The present invention generally relates to network communications and data transfer, and in particular, it concerns cyber security validation and enhancement of network perimeter services and appliances protection level, for the downstream targets and services being protected.

Web Application attacks, Distributed denial of service (DDoS) attacks, application service attacks, phishing attacks, web scraping attacks, malware attacks, and other cyber-attacks originating from the internet, are a major threat to financial institutions (e.g., banks, Forex trading, stock exchanges), large e-commerce sites (auctions, gaming, gambling), hospitals, cloud infrastructure, governmental sites, ISP infrastructure, national infrastructure, and other organizations. Such attacks can exfiltrate data, embed malware, deface, take down, or otherwise hack into stock exchanges, banks, governments, voting sites, insurance companies, NGO's, as well as other critical online infrastructure. Many organizations are increasing their investments into mitigating the spectrum of cyber attacks originating on the internet.

Conventional testing systems and methodologies, especially those for realistic web application testing or DDoS, are disruptive to the IT infrastructure or services of the organization targeted for the test simulation. As a result, vendors try to roll back various aspects of testing, and because of this fact they mainly rely on responses for vulnerability identification from the end application or service itself, false positives from current testing methods become a major issue, leaving additional, in many times avoidable professional services work to validate each vulnerability identified. This makes the remediation process significantly more time consuming and resource intense. Another aspect, in many cyber security checks there is a requirement to have system downtime (or expectation thereof) to perform certain cyber checks (Pentesting, DDoS testing, aggressive vulnerability scanning, Brute force attacks. Web application attacks etc.). This maintenance time always leads to a lack of security coverage, since approving such downtime is very difficult in enterprises, so testing scope has to be severely limited. Accordingly, vendors have weakened and or reduced the types or intensity of their checks to get more coverage, which normally results in inconclusive assessments, assessments not being done at all, or in some cases, assessments being done incorrectly.

Most organizations are heavily reliant on their cyber security posture being maintained through intermediary security mitigation services upstream to the target application or service. These security services may include cloud security services or other security appliances, designed to mitigate cyber threats originating from the internet, prior to reaching the intended production target, on the internal network or targeted service. Security simulations are being done against the services or applications in a production environment where possible, or in a staging environment in cases where service availability on a production environment may be an issue, or where service availability may be put at risk. Another issue facing organizations, having multiple entry points, and multiple upstream security providers they rely on. Organizations have little to no way at all to validate when perimeter security services are required to act together, and function for their protected environment when an attack is split between multiple upstream security providers, e.g., a multi-homed or multi-path environment. Sometimes it is difficult to assess the end target service automatically, for a particular cyber-attack correctly without starting to risk downtime, this is a contributing factor in being unable to ensure all mitigation systems deployed are working automatically and reliably, which inevitably, may lead to a major cyber attack being successful against the organization relying on those mitigation systems.

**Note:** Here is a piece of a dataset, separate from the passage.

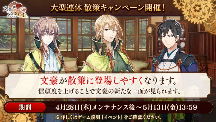 合同会社EXNOA(本社:東京都港区、CEO:村中 悠介、URL:https://games.dmm.com/)が運営するDMM GAMESは、4月28日(木)より、女性向け文豪転生シミュレーションゲーム「文豪とアルケミスト」において、『大型連休ログインボーナス』と『大型連休 散策キャンペーン』を開催いたしました。
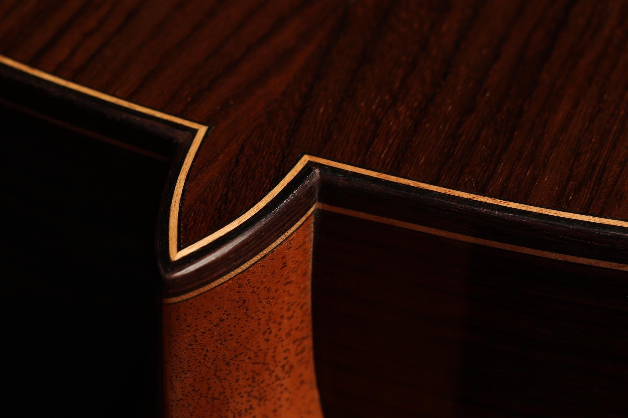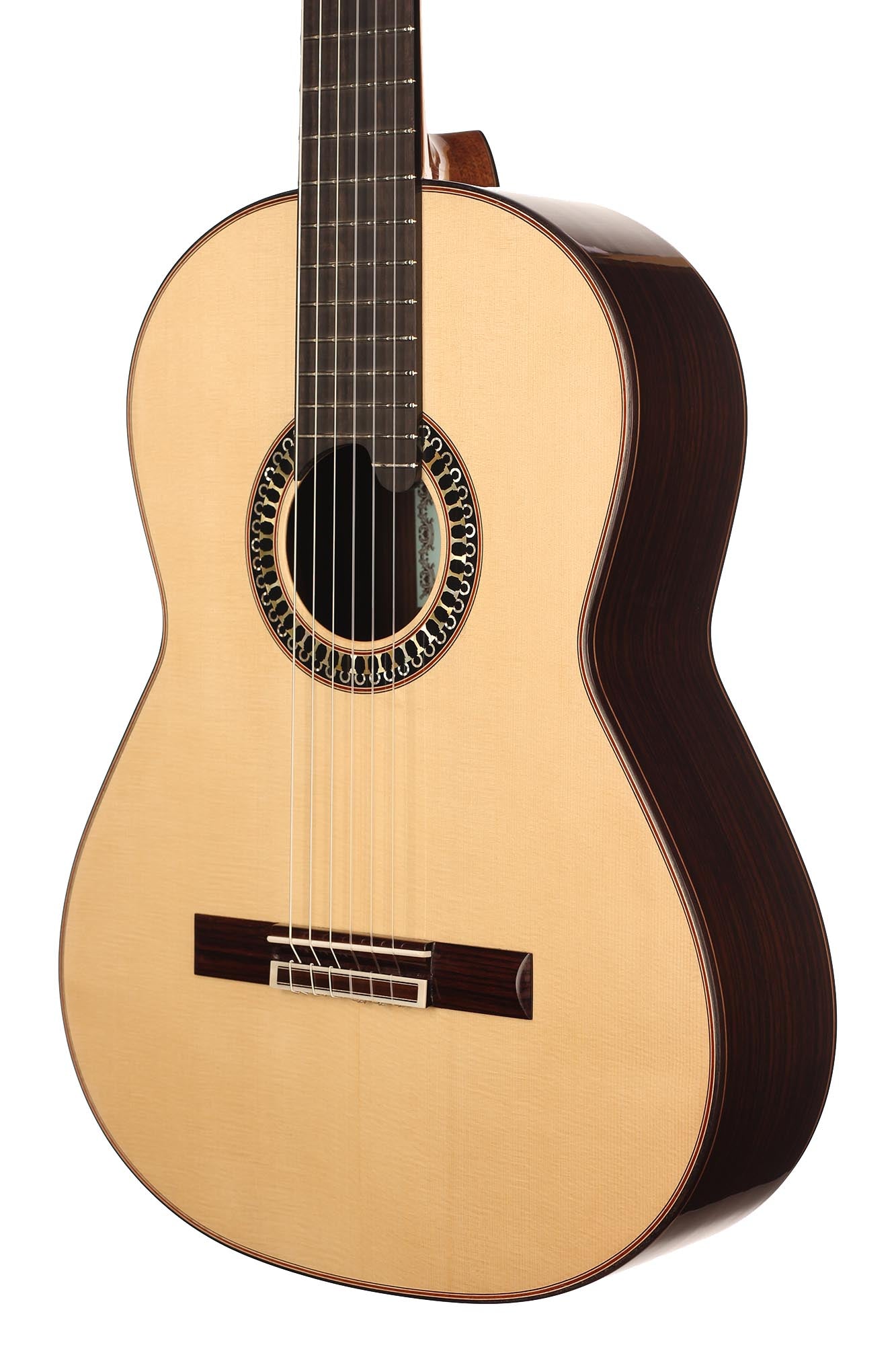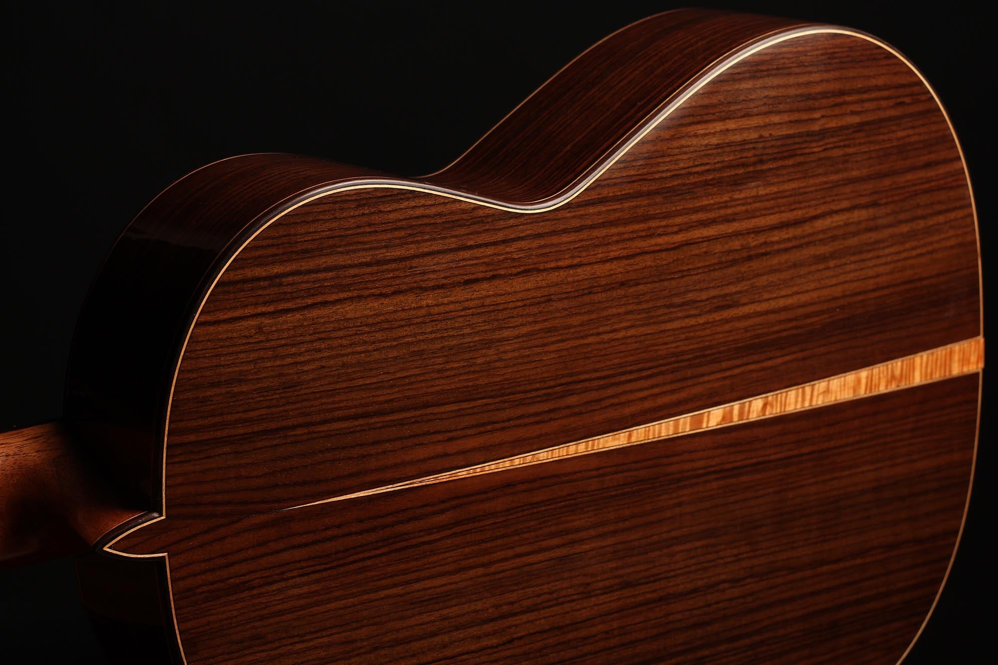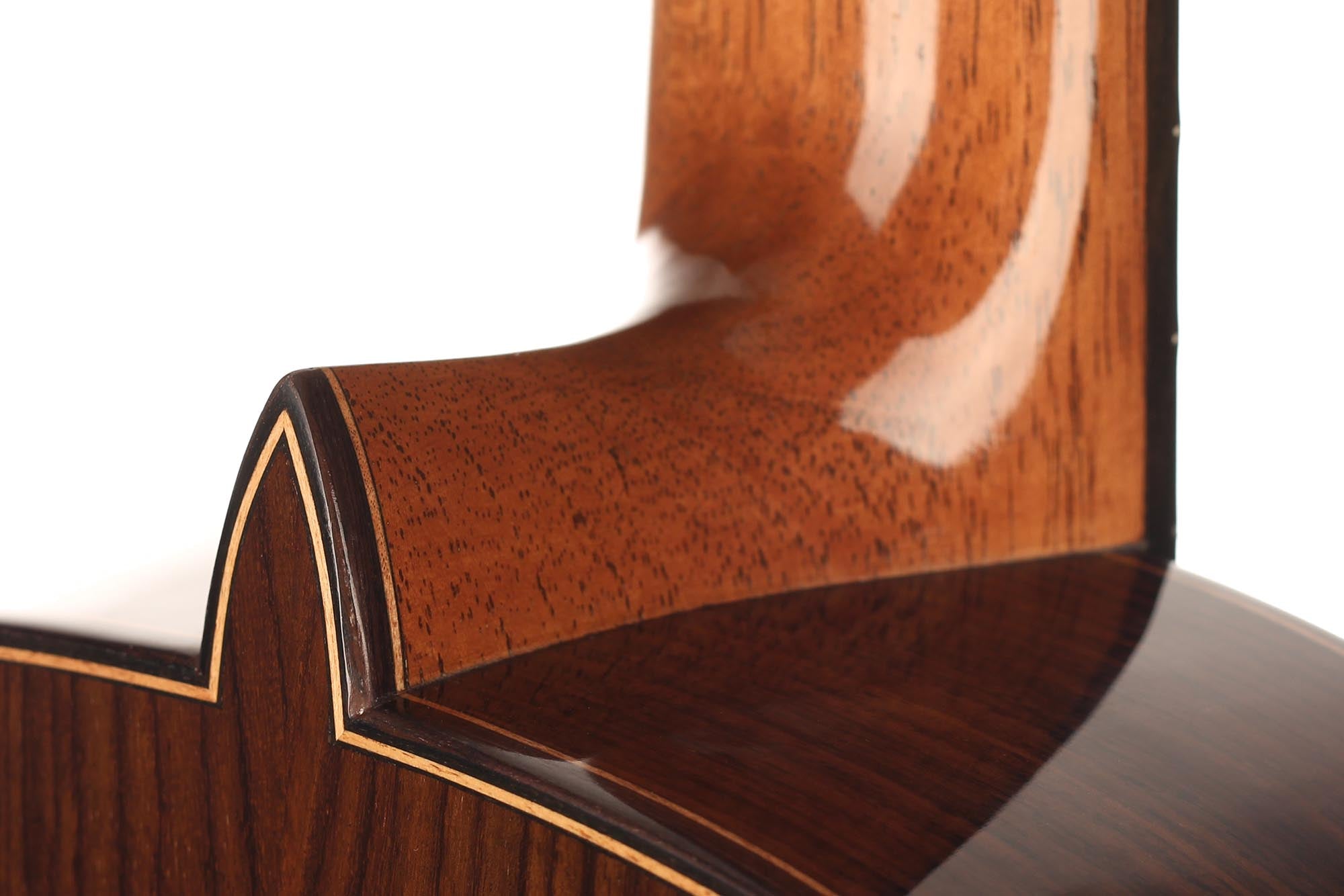 We were also very pleased with this beautiful, traditionally built instrument. It is a very light and reactive concert guitar with Spanish influence, which is reflected in the traditional bracing as well as in the aesthetics of the rosette, whose appearance reminds of guitars made by José Luis Romanillos.

Embodiments of the disclosed subject matter provide a Diagnostic Testing Service as well as an attack simulation service, for a perimeter security system, in a non-disruptive manner, so that the production targets can be tested while normally functioning, and do not have to be brought down for testing. The disclosed testing methods can be implemented, such that they are vendor and device type neutral, considering the overall strategy utilized to prevent perimeter security system attacks.

The disclosed embodiments examine attack leakage at various locations along a network, such as at confirmed data points (those data points not statistically generated through inference of responses). By reliably determining leakage, the depth of penetration of an attack on a network is determined, as well as vulnerabilities of mitigation or other components along the network.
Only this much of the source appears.